Unbound is restarted by the gateway down/up scripts along with a bunch of other things that don't need to happen on a single WAN system. So the first thing is to disable the gateway action which will stop all that.

The next place I would look is in the traffic graphs. Do you have something uploading a load of stuff at that time? Saturating the WAN upload can produce latency spike like that.

Steve

randombits

@stephenw10 Things now seem a lot better than previously but Unbound is still restarting, FreePBX's trunks has stayed connected so far. I had no idea that lots of things can restart Unbound, the WAN isn't very loaded but I do have a poor ADSL line, which, could be causing the issue? my speeds are currently connected at 835 / 2.723 kbps/kbps up and down I have pfSense running on an mini-itx board Intel DQ77KB with a i5-2390T CPU @ 2.70GHz and 3GB of ram and dual onboard Intel NIC's (Intel 82579LM & Intel 82574L). Could saturating my slow line be causing an issue just a thought.

Thanks Steve for all your suggestions and help

Dave.

2022-01-31 09_52_47-pfSense.localdomain - Status_ Monitoring.png

stephenw10

Hmm, well it doesn't look like the packet loss is dircetly correlated with upload from that but it's hard to say fro that graph.
Try de-selecting all but Latency, Packet Loss, Inpass Total and Outpass Total.

With that sort of connection (I assume you mean 2.7Mbps down and 0.8Mbps up?) it would be very easy to saturate it and induce latency spikes though DSL is generally better at managing it.
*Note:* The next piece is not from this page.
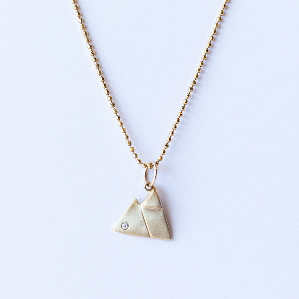 This little mountain charm brings major golden hour energy. Crafted in solid 14k yellow gold with a double-peaked silhouette, it features a single sparkling diamond tucked in the lower corner. A grounding symbol of strength, exploration, and inner calm, it’s a meaningful addition to any charm story.

YMMV!

Steve

randombits

@stephenw10 Yes, sorry I should have made that clearer 2.7Mbps down and 0.8 up very slow but I'm ~2.5 miles from the exchange with a poor line with some aluminium wires I've been told. I didn't realise staturating my line speeds would have an effect on pfSense I thought more alone the lines of staurating pfSense which I would think it should be good for a gig or two's bandwidth.

I redraw the graph zoomed in and fewer options selected

2022-01-31 15_08_28-pfSense.localdomain - Status_ Monitoring.png

2022-01-31 15_18_14-Greenshot.png

stephenw10

Mmm, so it does appear to be spiking but with with download peaks. At least on bps terms.
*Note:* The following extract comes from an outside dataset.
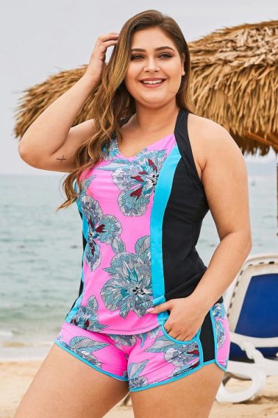 Catherine Women Rose Floral Block Plus Size Swimwear

That is the nature of your connection, actual packet loss is pretty ugly though. You should tune your monitoring values to reflect that.

You might want to experiment with fq_codel to mitigate upload saturation:
https://docs.netgate.com/pfsense/en/latest/recipes/codel-limiters.html

That doesn't really help much with download though.

Steve

randombits

@stephenw10
I've added an upload limiter from the guide and results aren't good

https://www.waveform.com/tools/bufferbloat?test-id=cd305f29-d16d-4843-9b3c-bef4820eaaf8

Ah, that would explain why with speed tests the upload is not steady with the needle very spiky, and a limiter would limit the upload floow speed so the 'line' could handle it better?
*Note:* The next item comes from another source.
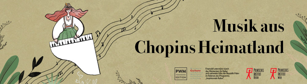 Zur Aufführung von Fryderyk Chopins Werken muss niemand überredet werden: Sein Werk bleibt die Visitenkarte der polnischen Klaviermusik in der Welt. Im Rahmen des international Projekts „Musik aus Chopins Heimatland“:, das sich an die Klavierspieler der Grund- und Mittelstufe, sowie an ihre Lehrer aus Italien, Frankreich, Großbritannien, Japan, Deutschland und Österreich wendet, möchten wir sie dazu verlocken, ihr Lehr- und Konzertrepertoire um die Titel polnischer Komponisten zu erweitern. Wir ermutigen Sie dazu, nach Werken von Ignacy Jan Paderewski, Stanisław Moniuszko, Karol Kurpiński, Maria Szymanowska, Wojciech Kilar, Tekla Bądarzewska und vielen anderen, weniger bekannten Komponisten zu greifen, deren Werke eine umfassende Lehr- und Konzertgrundlage für junge Klavierschüler/-innen darstellen.

I went from and 'F' to a 'D' result !

Wahey ! when I followed the guide properly... I've gone from a 'F' to an 'A+'
https://www.waveform.com/tools/bufferbloat?test-id=c01f5e80-3629-44bc-b19d-fbac720eb9b4

Wow pfSense is such a cool thing.

stephenw10

Wow that's awesome! Nice.

randombits

@stephenw10 Maybe spoke to soon, another test or few now a 'D' or 'F' with nothing changed.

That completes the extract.